このシスター、物腰のわりに捻くれている部分があるから感想を語るだけでもそれなりに面白そうではある。
「あの教材について語ってみたら? 長寿シリーズだし、好きな人も多くてアンジェに興味持つ人も居るかもよ」
僕からすればすっかり英会話の学習教材である、棚に置かれたⅮⅤⅮボックスを見る。
「聖女さまのまなざし、ですか。今さら聖まなについて語るのですか?」
「日本人って外国人が日本のもの好きなことが好きだから、アンジェが海外育ちなのを踏まえて聖まな語ったら喜ぶと思うよ。私、聖まなで日本語覚えました、みたいな」
「そういうものですか。まあ、聖まなに関してなら数時間語れますけど。ふーん」
一応、と言った具合でノートに『聖まな』と書き加えられる。
「……」
「……」
特に喋る事も無くなり、ラジオの音だけが響く。
出会って二か月か三か月ほどのアンジェを前にこれほどダラッと出来るのは、僕が図太いのか、アンジェの顔がどことなく亡きマイマザー夏生に似ているからなのか。
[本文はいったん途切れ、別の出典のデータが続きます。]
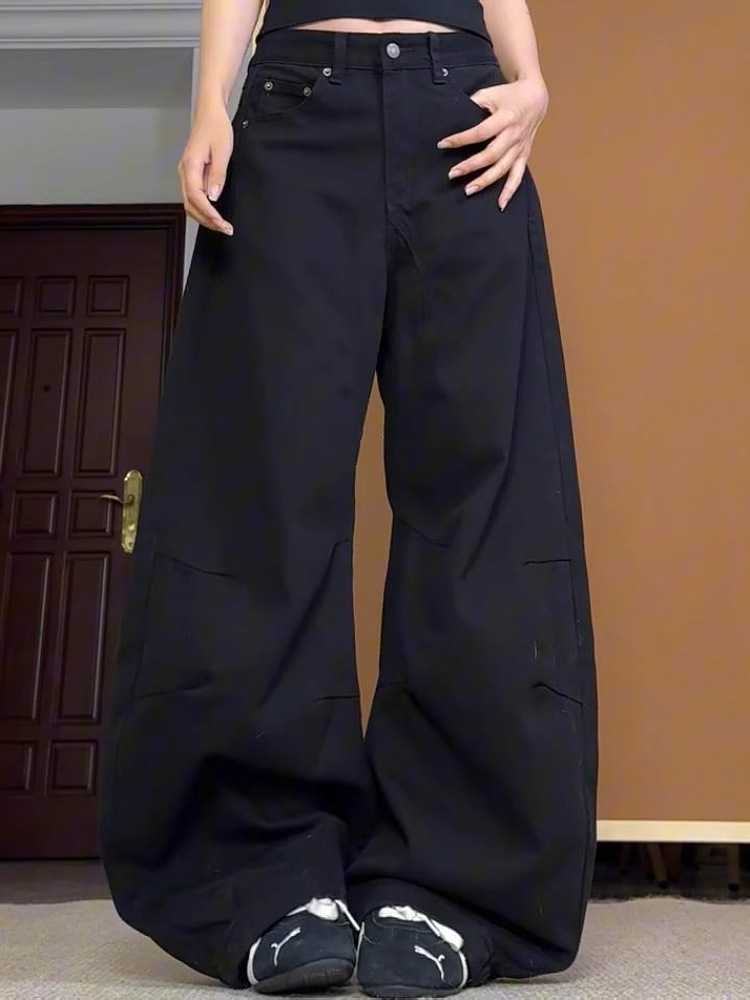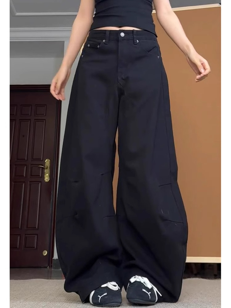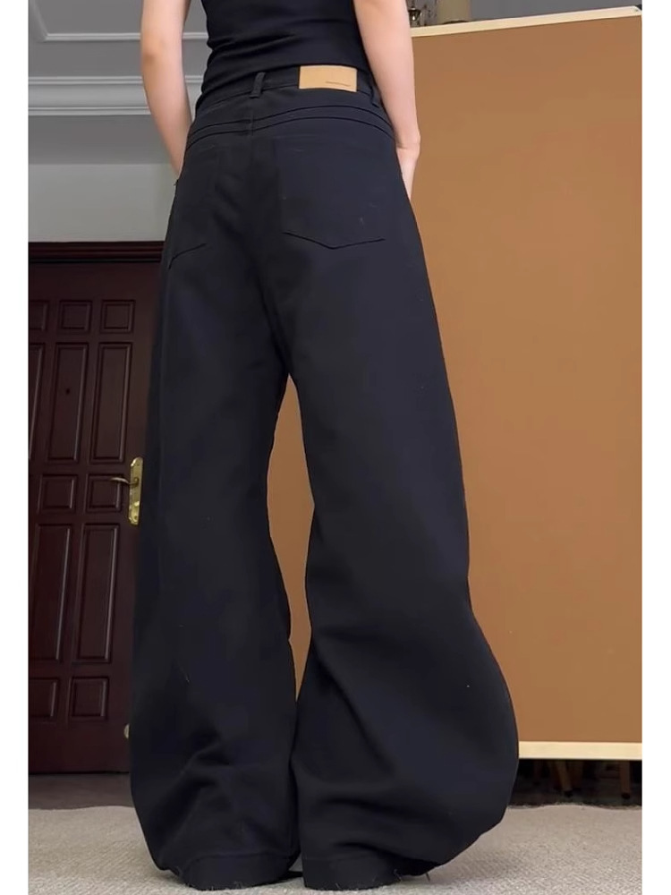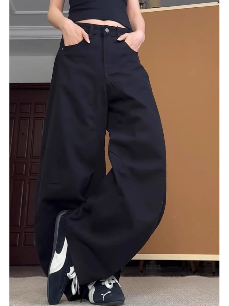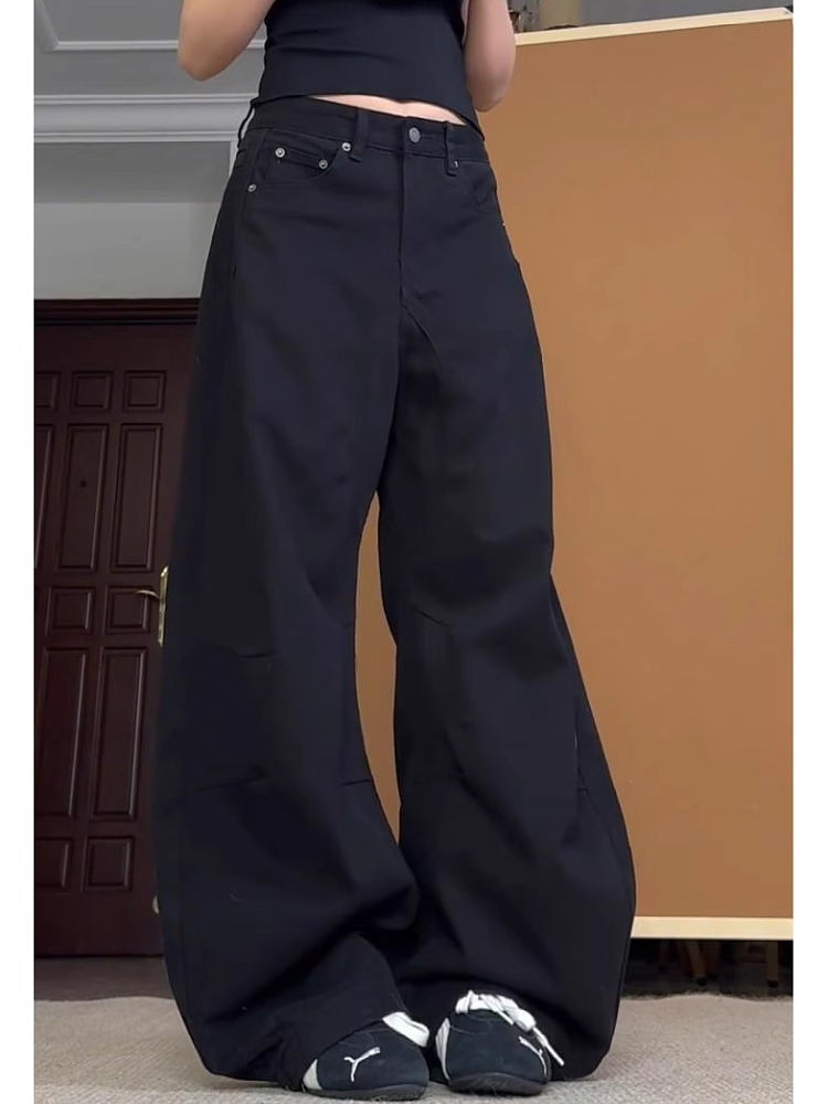 봄, 가을 신상 뚱뚱한 여성용 블랙 와이드 레그 청바지, 큰 사이즈, 배형 몸매, 루즈한 스트레이트 레그 슬리밍 세이버 팬츠스토어 가기
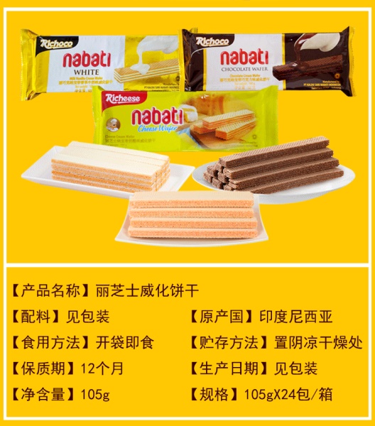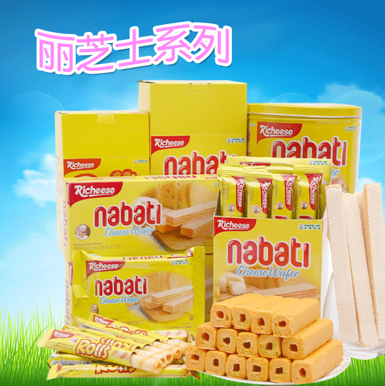 印尼进口丽芝士nabati奶酪芝士威化玉米夹心卷饼干全品相批发
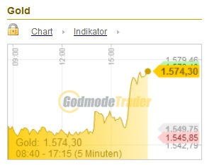 Nach 16 Uhr MESZ stieg der Goldpreis am Spotmarkt von Kursen knapp unterhalb der Marke von 1.550 Dollar um mehr als 20 Dollar auf zeitweise 1.575 Dollar. Da der Euro-Dollar-Kurs sich kaum von Notierungen um 1,27 Dollar löste, stieg auch der in Euro gerechnete Goldpreis kräftig an. Gegen 17 Uhr ließ sich ein Goldpreis von 1.236 Euro pro Feinunze ableiten. Vortags hatte der Euro-Goldkurs die Marke von 1.200 Euro geschrammt. Silber legte ebenfalls stark zu. Der Kurs des weißen Edelmetalls eroberte kurzfristig das Niveau von 28 Dollar zurück.
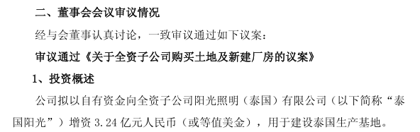 3月9日,浙江阳光照明电器集团股份有限公司(简称“阳光照明”)发布公告,公司第十届董事会第十六次会议审议通过《关于全资子公司购买土地及新建厂房的议案》,拟以自有资金向全资子公司阳光照明(泰国)有限公司增资3.24亿元人民币,用于建设泰国生产基地。
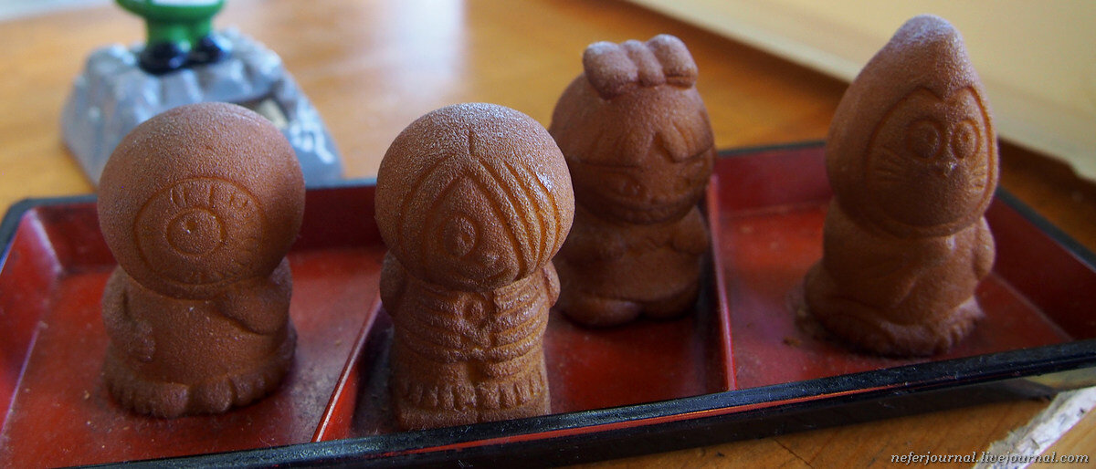 Одноглазый мальчик-ёкай, родившийся на кладбище. Умерший отец воплотился в его глаз. Ничего необычного, просто детский мультик. Кстати, Билайн вполне мог бы подсуетиться и сделать Китаро своим маскотом. Даже ничего переделывать не надо, обо всем позаботился Мидзуки Сигэру. В японском городе Сакаиминато, откуда родом Мидзуки Сигэру, почти все посвящено Китаро, это основная тема. Сладости с изображением героев, сувениры в виде глаза и даже вот такие кексики.
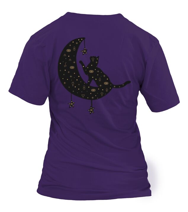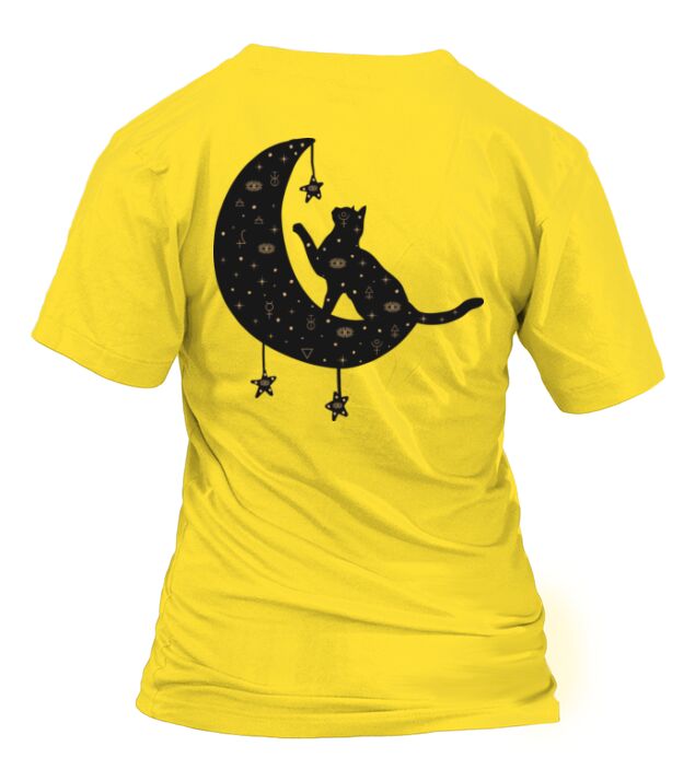 Shop Celestial Cat on Moon T-Shirt Woman custom made just for you. Available on many styles, sizes, and colors.
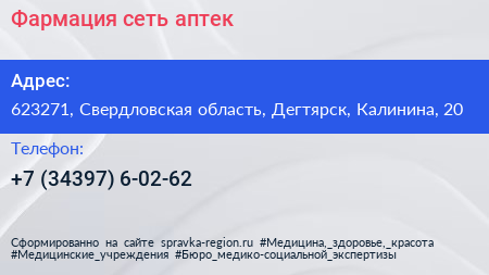 Фармация, сеть аптек по адресу 623271, Свердловская область, Дегтярск, Калинина, 20 в дальнейшем Организация, размещена в следующих категориях:
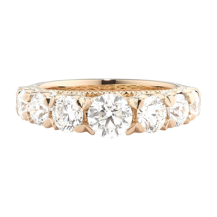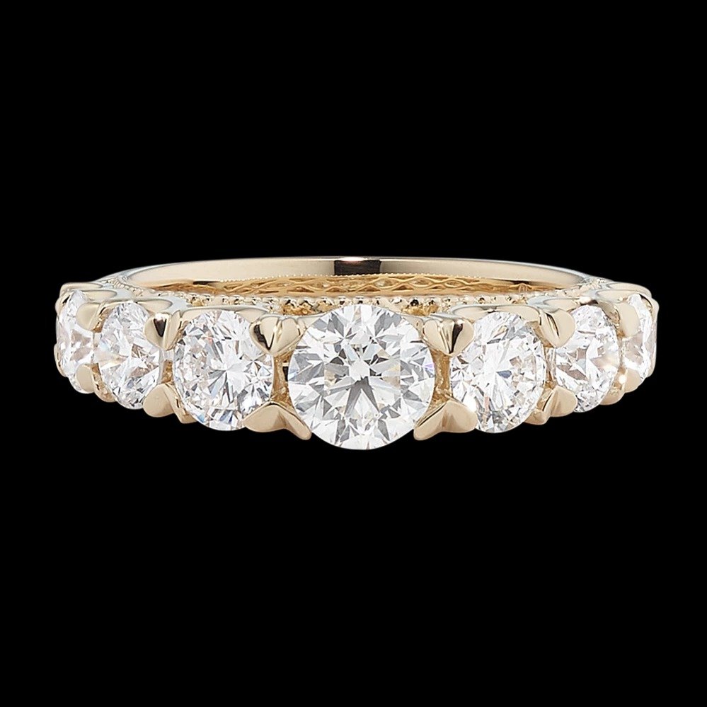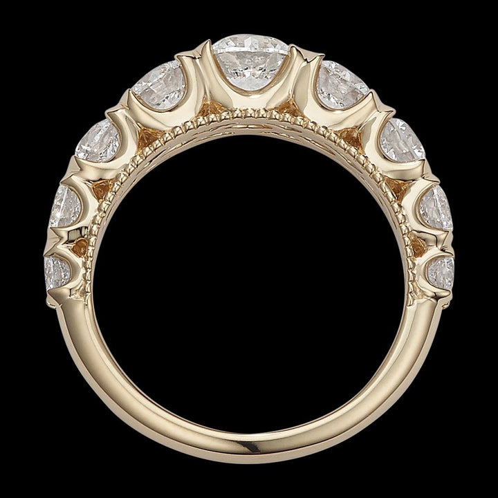 Since 1929, the Shane family have expertly crafted fine jewelry for life's most special moments. Tom Shane and his son, Rordan, uphold the legacy of being your friend in the jewelry business. The one you can trust to help you shine brighter every day. Rooted in quality craftsmanship and a fervent pursuit of the most beautiful gemstones, Shane Co. ensures your love story is in good hands. They are here for you for a lifetime, because they are in it for a lifetime. Let Shane Co. help you find jewelry that feels like you.Style notes: This 14-karat yellow gold ring offers bold sparkle with graduated natural diamonds and features ornate milgrain detailing hidden along the sides. It makes a beautiful wedding band or a great addition to any fine jewelry collection.Price: Please note price may vary due to exchange rate differences or shipping, duties and taxes. Price may also vary with materials choice. Final price is calculated at checkout at the designer's website. Materials: 14k yellow gold with 2.15ctw diamonds.Dimensions: Approx. 2.5mm band width

この空間は実家にいる時よりも実家っぽい空気が流れている。
『そういえば吉木さん、オンラインクレーンゲームってやった事ありますか?』
『あのね板見。ああいうゲームってゲームセンターで実際にやるから楽しいの。筐体横から覗いたり、揺らしたり。それをわざわざオンラインでやる訳がないでしょ』
『なるほど。ということで八月はなんと。オンラインクレーンゲームで有名な会社、ディスケさまがスポンサーに就任という事でして。本日は広報の方が来てくれております』
『んぁー、ディスケさんっ、もうこんな狭いところによくぞお越しいただきましたぁ。もうオンラインクレーンゲーム大好きっ』
「ふっ」
「ふふ」
結局寝落ちして、目が覚める頃には日が暮れていた。
アンジェさんの回(2)でした。
いつも感想、評価、誤字報告ありがとうございます!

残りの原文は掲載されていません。